About HealthCare Royalty Partners
HealthCare Royalty Partners is a global healthcare investment firm focused on investing primarily in commercial stage healthcare product assets. HCRP has raised over $3 billion in committed capital and is headquartered in Stamford, CT. Over the past decade, HCRP's co-founders have completed more than 60 healthcare investments totaling more than $2.6 billion of capital. For more information, visit www.healthcareroyalty.com.

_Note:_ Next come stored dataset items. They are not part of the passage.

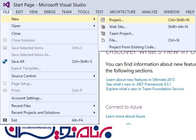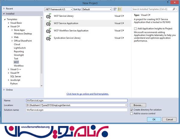 اکنون Visual Studio را برای ایجاد WCF باز کنید .
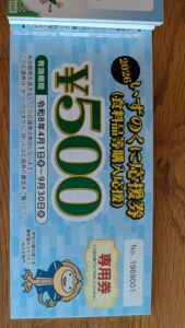 私の住む伊豆の国市では【いずのくに応援券(食料品等購入応援)】という優待券が発行されています。
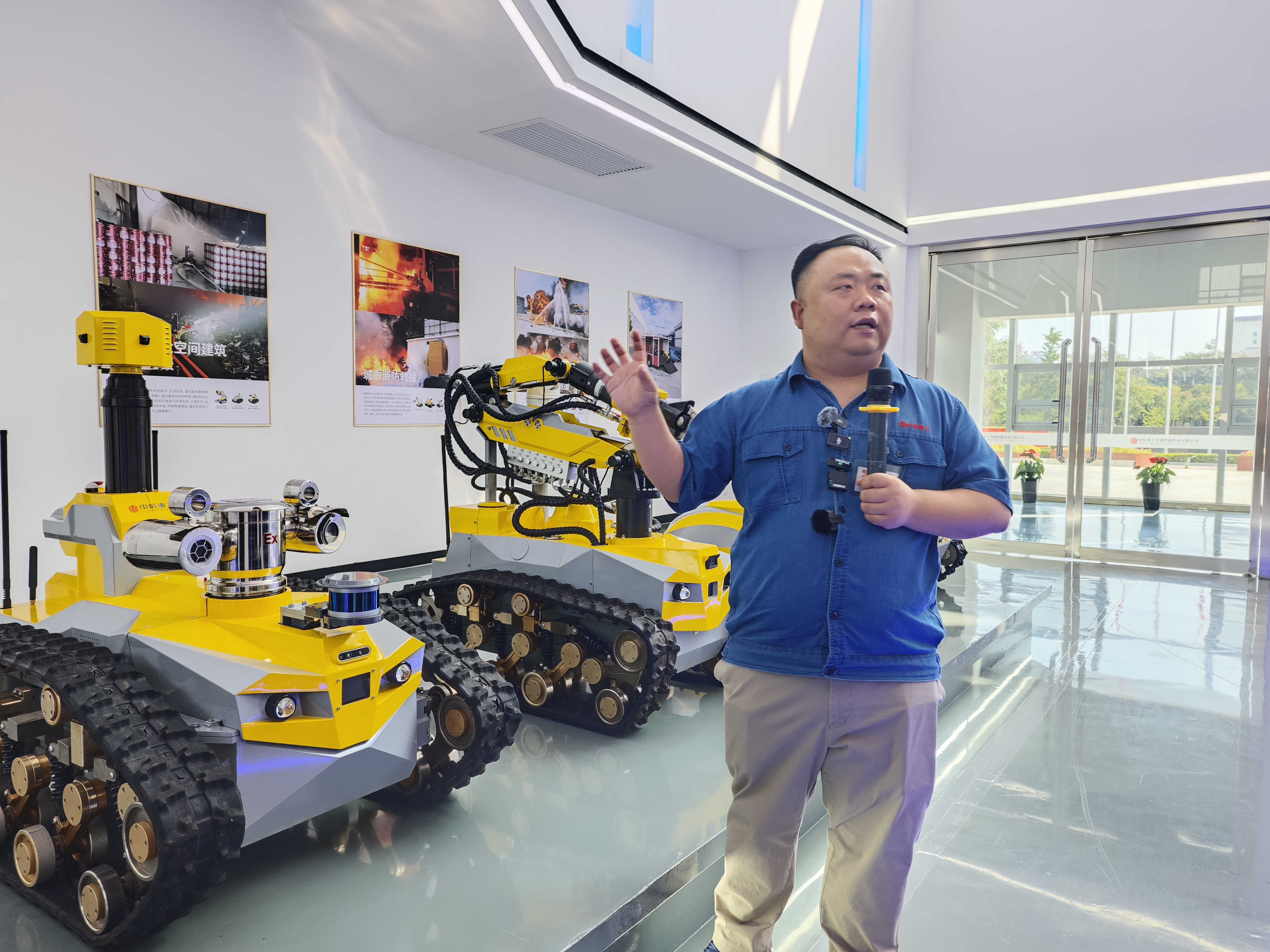在中信重工开诚智能有限公司展厅,一支机器人“天团”震撼亮相:消防灭火机器人,消防水炮最大流量每秒80升,射程可达85米,相当于8名消防员在灭火工作;煤矿作业机器人,能够代替井下工人执行巡检、喷浆、异物分拣等多类型任务;水下机器人,下潜深度可达300米……
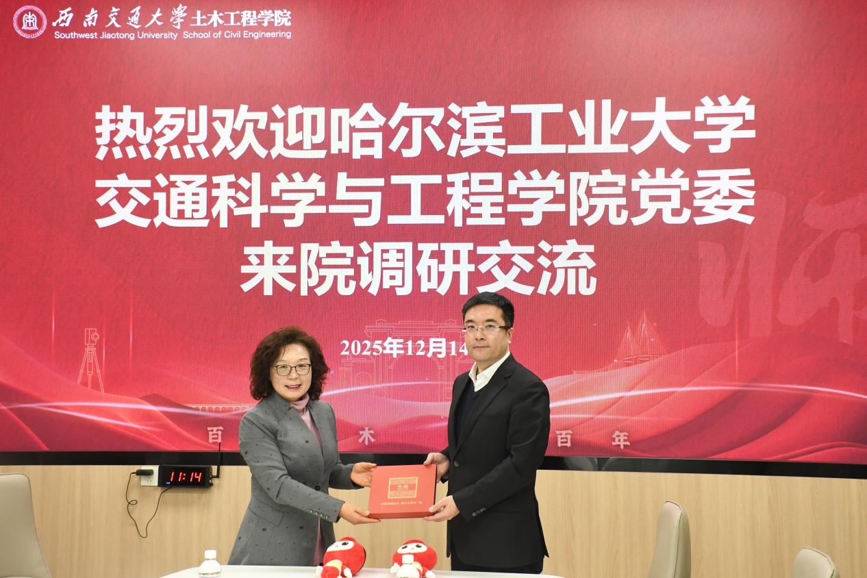 12月14日上午,哈尔滨工业大学交通科学与工程学院党委书记王东升一行,到西南交通大学土木工程学院进行调研交流。调研座谈会在九里校区土木工程学院会议室举行,会议由学院党委委员、副院长陈嵘主持。
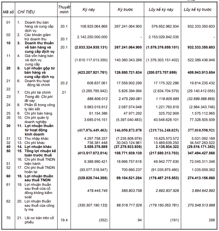 Tại CTCP Đầu tư và Công nghiệp Tân Tạo (HOSE: ITA), trong quý IV phải giảm trừ doanh thu hơn 2.142 tỷ đồng, do bị buộc thanh lý các hợp đồng thuê đất dài hạn liên quan đến dự án Kiên Lương được ký giữa ITA và CTCP Phát triển Năng lượng Tân Tạo (TEDC). Hệ quả, doanh thu cả năm âm hơn 1.576 tỷ đồng, kéo theo đó là khoản lỗ ròng hơn 179 tỷ đồng, kết quả kinh doanh của ITA cũng bị sụt giảm đáng kể hơn 60%, chỉ đạt 263 tỷ đồng.

Except for the historical information contained herein, the matters set forth in this press release, including statements regarding Coherus’ plans, potential opportunities, expectations, projections, goals, objectives, milestones, strategies, product pipeline, clinical studies, product development and the potential benefits of its products under development are forward-looking statements within the meaning of the "safe harbor" provisions of the Private Securities Litigation Reform Act of 1995, including Coherus’ expectations regarding its ability to advance its CHS-1701, CHS-0214 and CHS-1420 biosimilar drug candidates. Such forward-looking statements involve substantial risks and uncertainties that could cause our clinical development programs, future results, performance or achievements to differ significantly from those expressed or implied by the forward-looking statements. Such risks and uncertainties include, among others, the uncertainties inherent in the clinical drug development process, including the regulatory approval process, the timing of our regulatory filings and other matters that could affect the availability or commercial potential of our biosimilar drug candidates, as well as possible patent litigation. Coherus undertakes no obligation to update or revise any forward-looking statements. For a further description of the risks and uncertainties that could cause actual results to differ from those expressed in these forward-looking statements, as well as risks relating to Coherus’ business in general, see Coherus’ Quarterly Report on Form 10-Q for the quarter ended September 30, 2015, filed with the Securities and Exchange Commission on November 10, 2015 and its future periodic reports to be filed with the Securities and Exchange Commission.